Chinese UK Property Grab Pushes Brits Out of the Market

Chinese UK Property Grab Pushes Brits Out of the Market

British buyers are increasingly being priced out of the UK property market by foreign investors, particularly the Chinese. The latest example, as reported in the Daily Mail, is the seven acre RAM Brewery development in Central London, which will be marketed exclusively to foreign buyers.

The increase in foreign interest in UK property is leading to a boom in property prices of 30 percent in some parts of London. The Bank of China is so keen on encouraging this sort of foreign investment that it now offers mortgages in Pounds Sterling.

Some of the Chinese investors are said to use the properties as second homes, but most are either the parents of university students or are buy-to-let landlords. As a result, they tend to favour city centre locations where young professionals and students rent.

In Birmingham, 30 percent of new property at The Cube has been snapped up by foreign buyers, leaving Brits to rent them back at a premium. The problem is further exacerbated because mortgage approvals in Britain fell through the floor after the 2008 financial crisis.

Michael Sacks of property development firm Sequre told the Mail: “New-build apartment blocks in Britain’s city centre are being bought en masse and then re-sold overseas, mostly to the Chinese, for significantly more than what they are actually worth. 

“This is reminiscent of 2007, just before the property crash, when people were buying property without doing their due diligence and simply believing the sales hype that the market is booming.”

Angela Lin of JA One, a firm helping Chinese investors to find property in London: “People in China want to invest in the UK because it has steady growth.”

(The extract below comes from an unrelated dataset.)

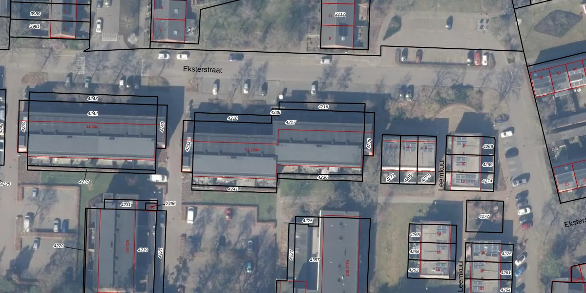 Het perceel waarop Eksterstraat 90 staat heeft een oppervlakte van 1305 m². Dit is een zeer groot perceel. De perceeloppervlakte wordt geregistreerd door het Kadaster. Gedetailleerde informatie over de maten van dit perceel kunt u vinden in het rapport Kadastrale kaart met maatvoering van Eksterstraat 90.

The actions of Chinese investors are in sharp contrast to the US backed development at Embassy Gardens Vauxhall, London. This whole new district will have a new underground (Tube) station built on former industrial land. The project is to create a whole new community of owner-occupiers in properties surrounding the new American Embassy to London.

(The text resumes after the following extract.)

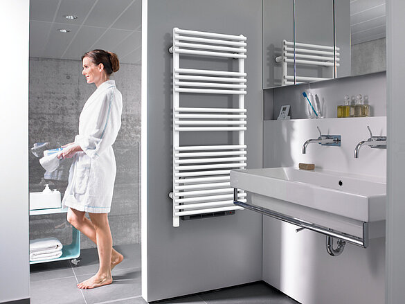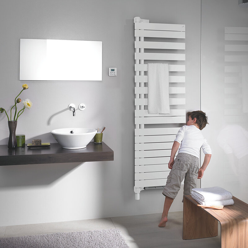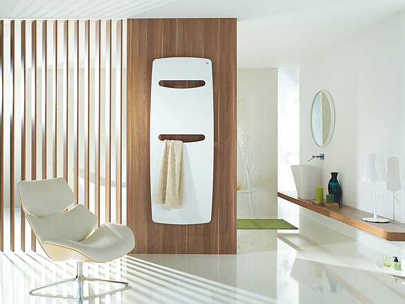 Der mehrfach ausgezeichnete Bad-Heizkörper Zehnder Vitalo bietet eine sehr schnelle und energieeffiziente Wärmeversorgung. In der Elektroversion wird ein Heizkabel in die Grafitlage des Heizkörpers eingebettet. Der Strom wird direkt in Wärme umgewandelt und an die Heizkörperfront abgegeben.

The US State Department is expecting to make millions from selling their Grosvenor Square Embassy and building a new state of the art facility in Vauxhall. This is part of a wider policy dreamt up by the Bush administration to save money, improve security and update facilities.

London has long been a destination for super-rich foreigners, especially Russians and Arabs. But the impact of this immigration was previously confined to super-rich areas such as Knightsbridge. The new trend is to snap up mid-range properties that average Britons would previously have bought.